Indoor track: building better athletes

For head indoor track coach Dan Hansen, the upcoming season isn’t about winning a state championship.

Hansen said he wants the team to improve on its performance last year at State, when the Wolves scored 16 points at the competition. However, he wants to help give the competitors an edge in whichever sport they later participate in.

“Our goal is to get better,” Hansen said. “We’re just trying to build better overall athletes.”

Indoor track is often seen as an activity that prepares and feeds athletes into spring track and field. Hansen also admits some of the athletes he sees go into other sports during the spring and fall seasons and wants to help them improve as well. While practice doesn’t officially start until Jan. 2, Hansen said he’s encouraging kids that have signed up to put their work in at the weight room after school. Hansen said he has 35 students signed up for indoor track, expecting another 10 or 15 students to join before the start of the new year. Of those students, he expects a few, like seniors Marcos Valerio and David Martinez, to join the spring track team. Valerio took seventh at the state cross country meet in Sheridan, earning All-State honors in the process. Martinez took fourth in discus at the state track-and-field meet last May.
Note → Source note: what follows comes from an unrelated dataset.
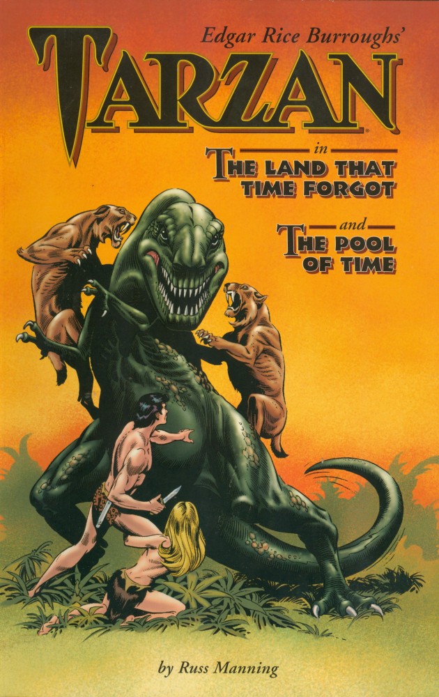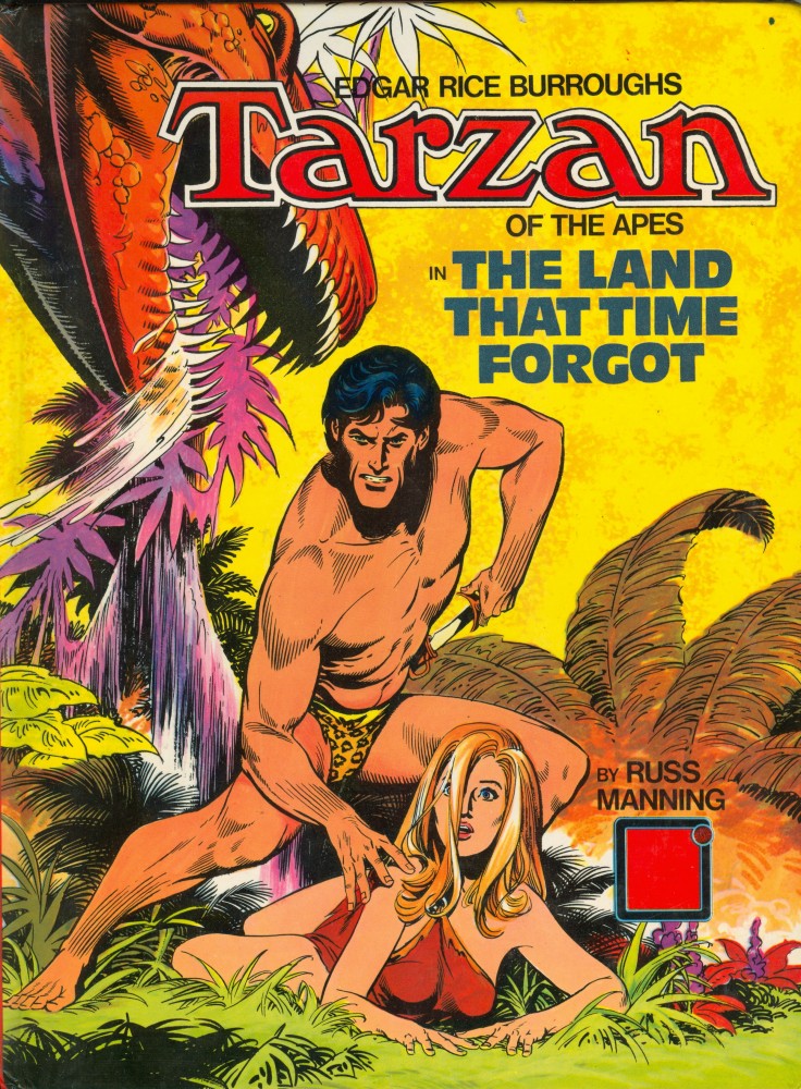 In the 1960s Russ Manning took over the regular art chores from Jesse Marsh on the Tarzan comic book, originally published by Dell and later by Gold Key Comics (Western Publishing Company). Russ had worked on the book, but not on a regular basis, as far back as the 1950s. Russ loved prehistoric creatures and loved drawing them — and included plenty during his four-year stint writing and drawing the Tarzan newspaper comic strip.

Hansen said he’s grateful the school board decided to continue the indoor track program. The activity was initially scheduled to be axed due to reductions in funding from the state, but the school board found alternate funds to continue it, as well as the spring tennis and wrestling cheer activities.

“Without that, what would these kids be doing,” Hansen said. “These kids need to get a competitive edge. It makes you a better athlete.”